▶ AIM OF THE EXERCISE:
Begin at the line containing "오전 10시경, 일반 핸드폰번호로 전화가 걸려왔습니다." in the records below, end at the line containing "为深入学习贯彻习近平新时代中", and retype each line in that span exactly. No other line and no image should appear.

▶ INPUT FOR THIS TASK:
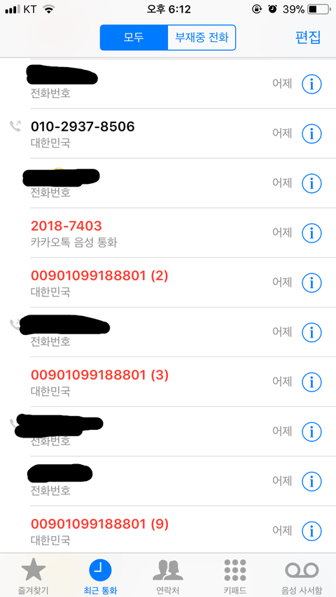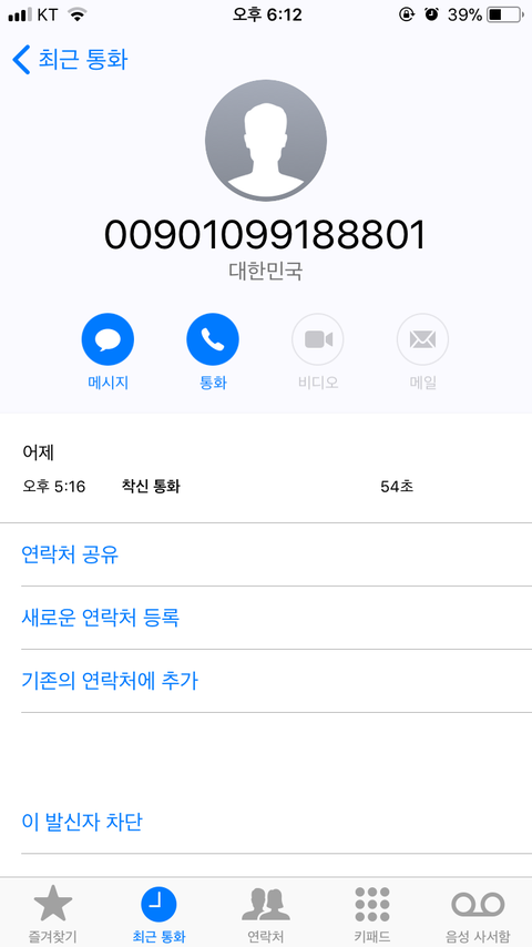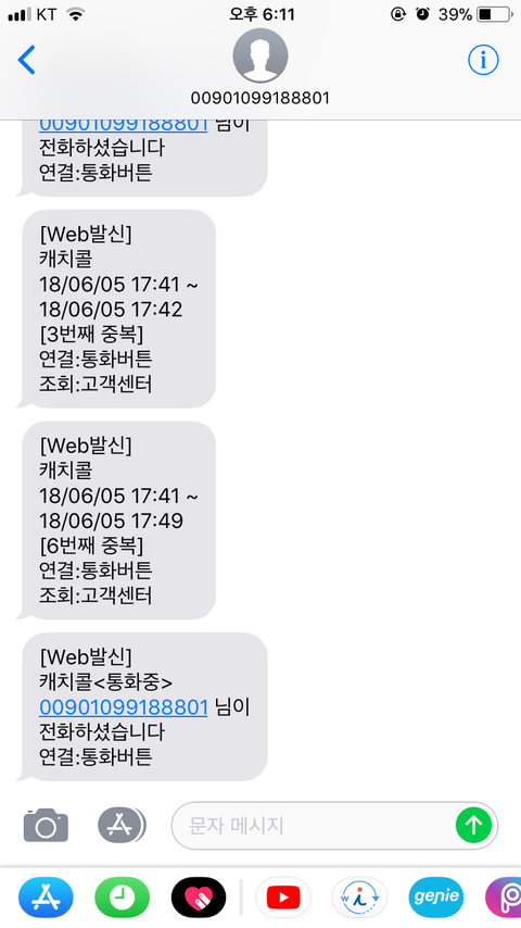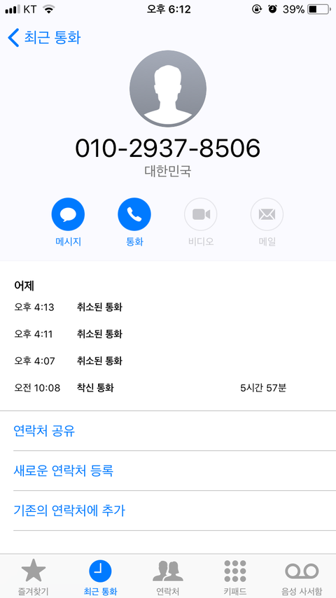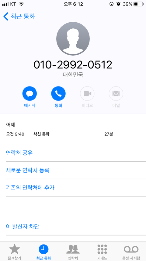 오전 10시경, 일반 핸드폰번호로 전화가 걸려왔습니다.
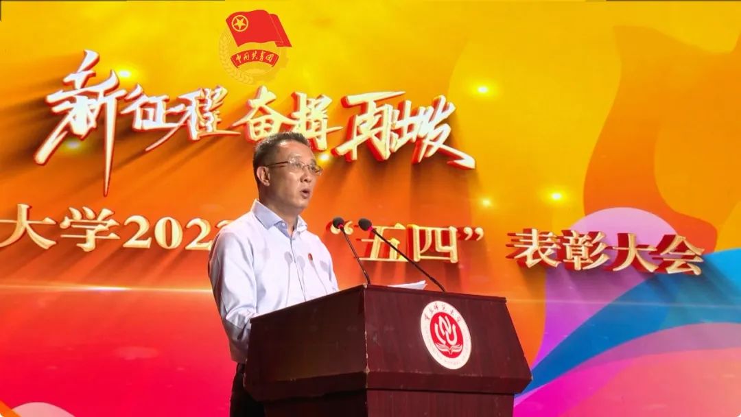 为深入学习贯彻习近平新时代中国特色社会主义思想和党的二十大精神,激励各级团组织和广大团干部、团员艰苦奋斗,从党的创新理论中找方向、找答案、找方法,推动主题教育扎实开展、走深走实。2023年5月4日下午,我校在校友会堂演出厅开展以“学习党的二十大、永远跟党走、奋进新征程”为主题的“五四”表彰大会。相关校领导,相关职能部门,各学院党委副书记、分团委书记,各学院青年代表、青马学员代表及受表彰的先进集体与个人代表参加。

* * *

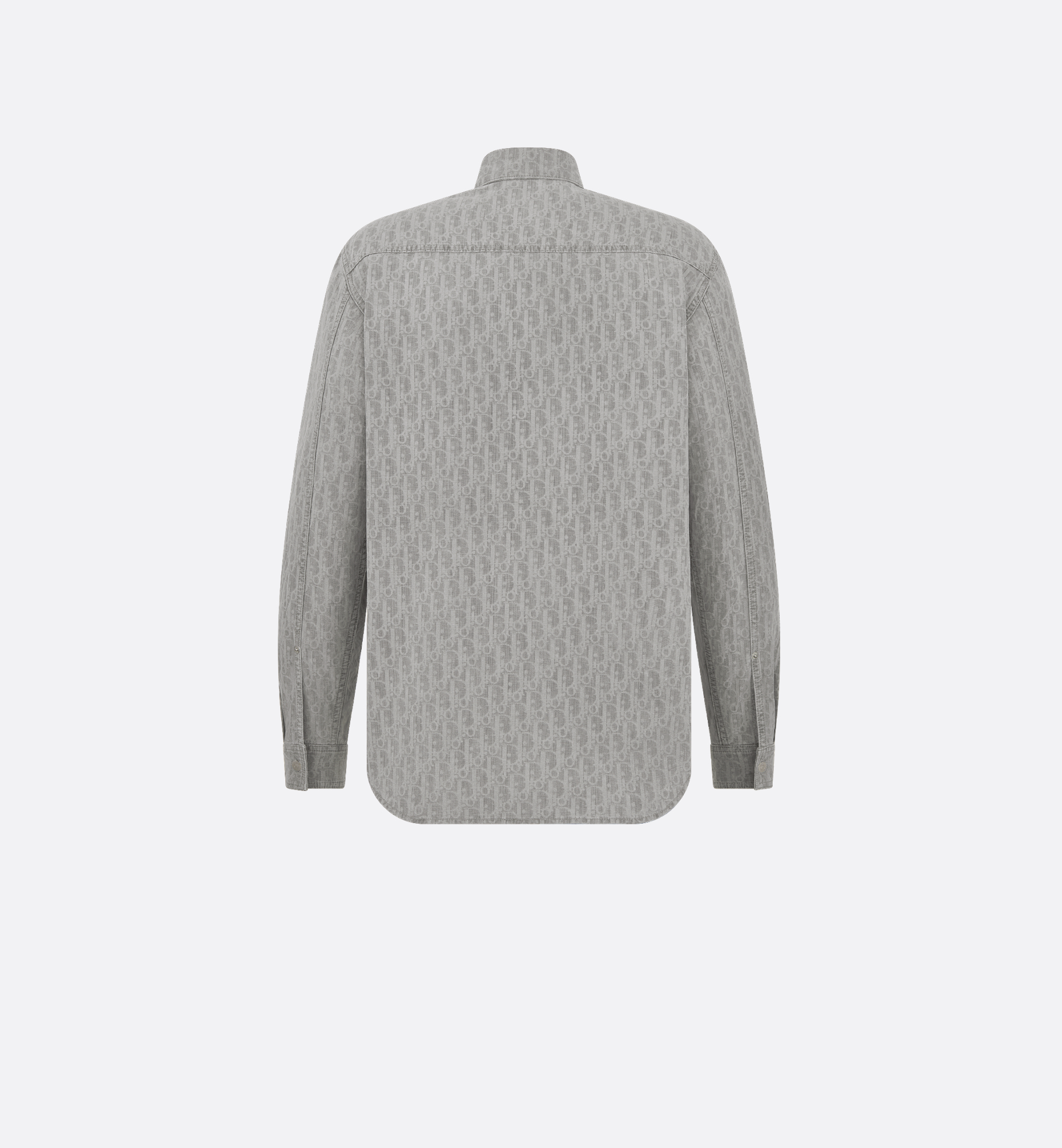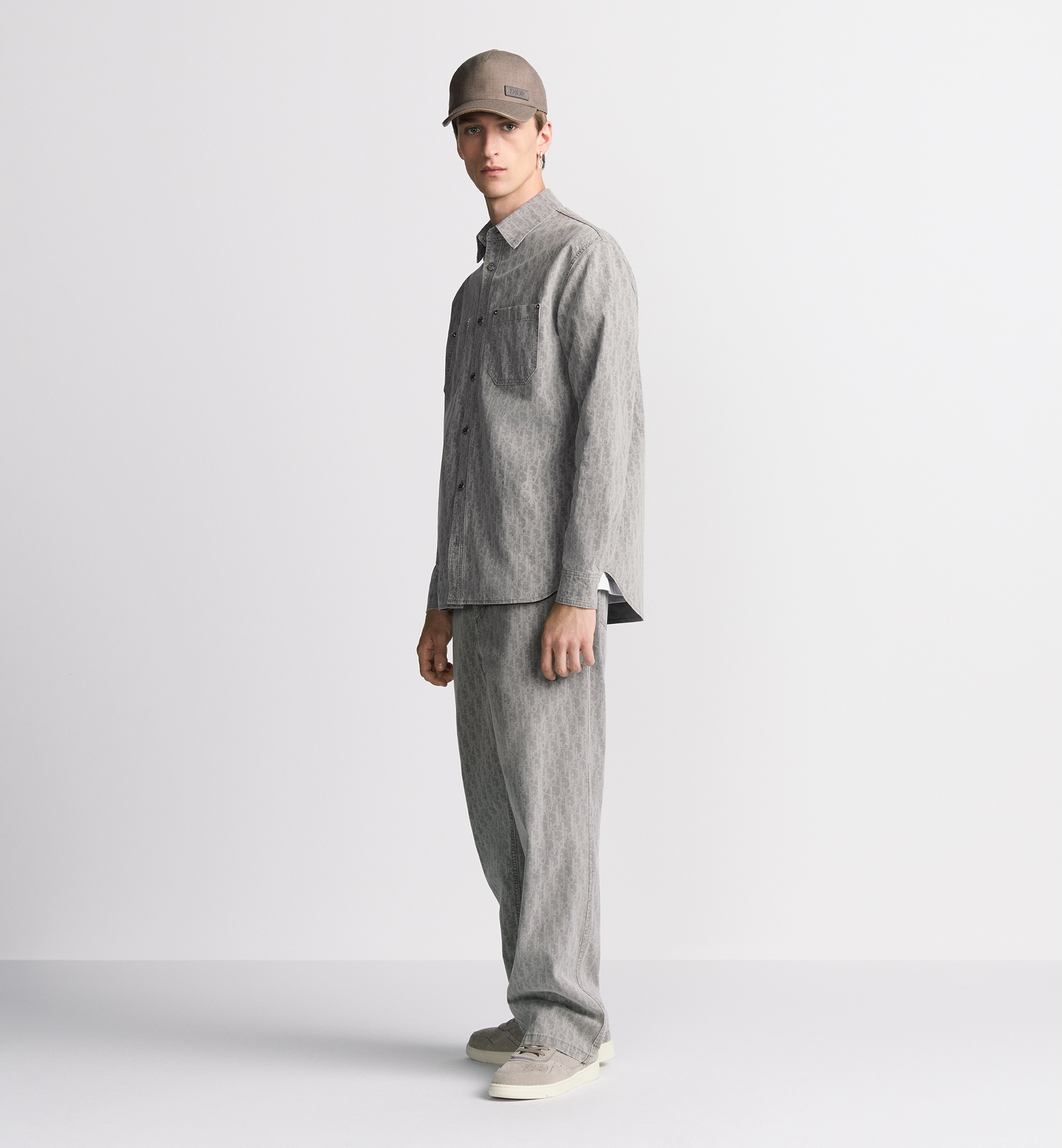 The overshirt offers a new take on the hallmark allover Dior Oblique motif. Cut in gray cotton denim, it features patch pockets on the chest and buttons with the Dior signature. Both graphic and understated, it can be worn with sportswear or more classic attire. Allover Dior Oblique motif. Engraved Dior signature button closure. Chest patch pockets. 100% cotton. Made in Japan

==

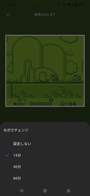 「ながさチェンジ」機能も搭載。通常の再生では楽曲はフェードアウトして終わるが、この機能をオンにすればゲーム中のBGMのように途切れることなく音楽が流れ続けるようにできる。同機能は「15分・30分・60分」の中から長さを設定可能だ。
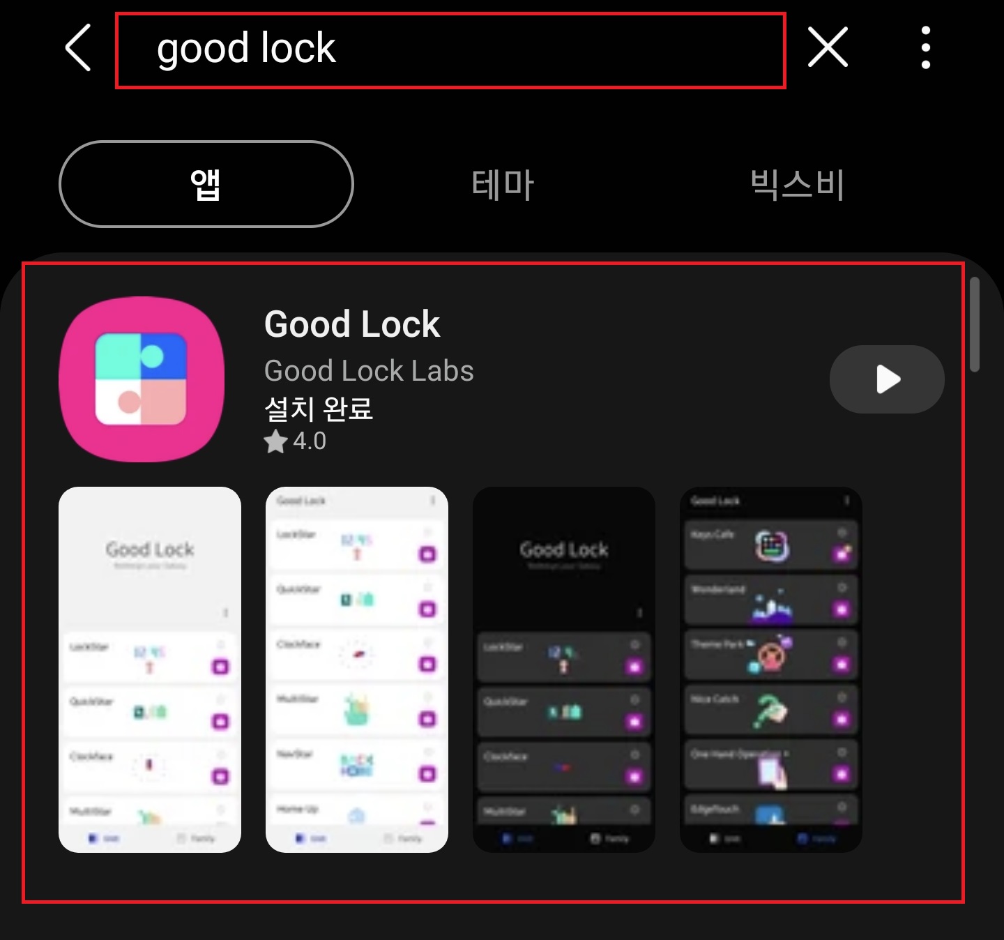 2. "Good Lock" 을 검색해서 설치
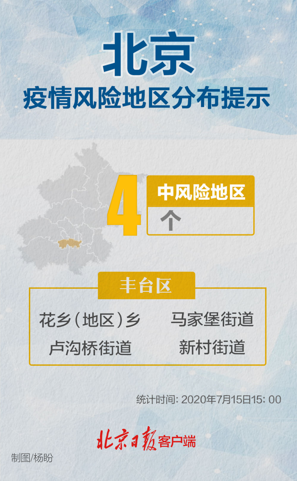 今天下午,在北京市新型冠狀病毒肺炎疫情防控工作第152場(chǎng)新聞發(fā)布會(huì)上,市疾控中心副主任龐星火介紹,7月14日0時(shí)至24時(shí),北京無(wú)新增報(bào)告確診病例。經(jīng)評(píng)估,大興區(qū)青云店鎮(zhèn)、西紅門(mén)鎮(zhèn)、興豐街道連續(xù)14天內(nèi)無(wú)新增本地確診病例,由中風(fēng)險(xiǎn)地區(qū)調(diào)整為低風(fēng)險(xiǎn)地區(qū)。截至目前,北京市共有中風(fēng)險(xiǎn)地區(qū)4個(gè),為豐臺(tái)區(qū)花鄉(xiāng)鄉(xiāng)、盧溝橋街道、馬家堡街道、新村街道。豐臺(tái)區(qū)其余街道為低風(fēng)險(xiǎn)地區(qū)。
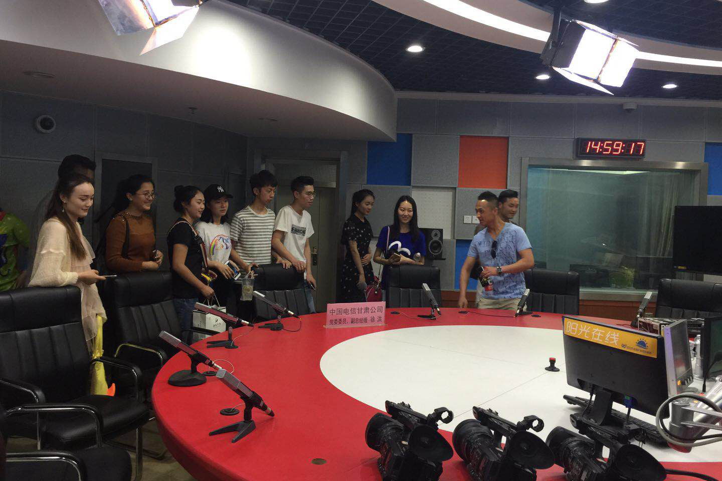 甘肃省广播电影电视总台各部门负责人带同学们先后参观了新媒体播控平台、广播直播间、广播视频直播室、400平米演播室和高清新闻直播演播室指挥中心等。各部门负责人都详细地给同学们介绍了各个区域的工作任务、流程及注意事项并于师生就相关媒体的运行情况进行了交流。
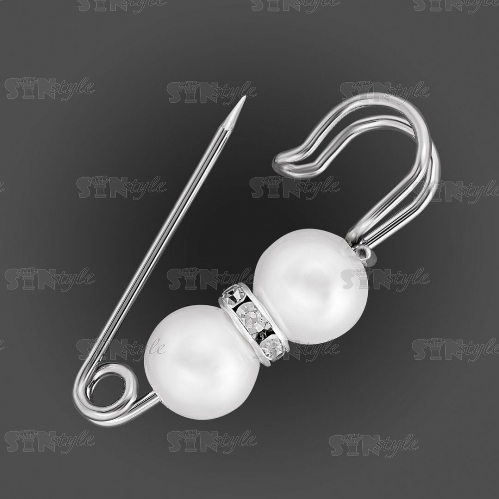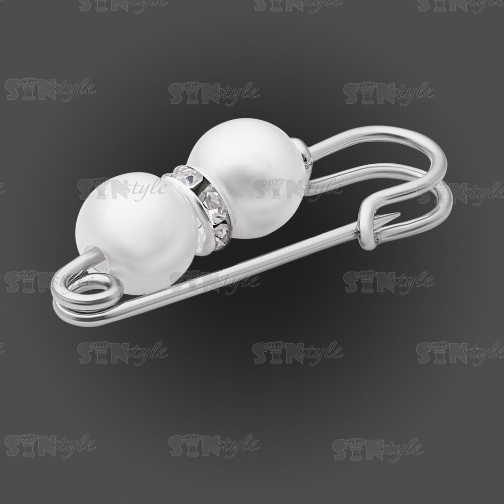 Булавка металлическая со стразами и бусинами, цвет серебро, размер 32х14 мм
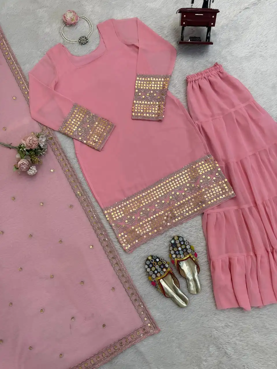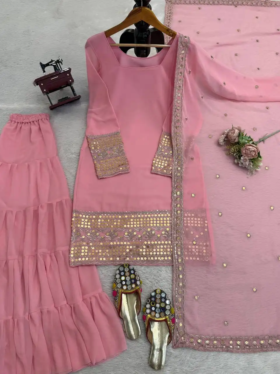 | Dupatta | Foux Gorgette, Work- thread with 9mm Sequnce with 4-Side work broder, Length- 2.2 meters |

▶ EXERCISE RESULT:
 오전 10시경, 일반 핸드폰번호로 전화가 걸려왔습니다.
 为深入学习贯彻习近平新时代中国特色社会主义思想和党的二十大精神,激励各级团组织和广大团干部、团员艰苦奋斗,从党的创新理论中找方向、找答案、找方法,推动主题教育扎实开展、走深走实。2023年5月4日下午,我校在校友会堂演出厅开展以“学习党的二十大、永远跟党走、奋进新征程”为主题的“五四”表彰大会。相关校领导,相关职能部门,各学院党委副书记、分团委书记,各学院青年代表、青马学员代表及受表彰的先进集体与个人代表参加。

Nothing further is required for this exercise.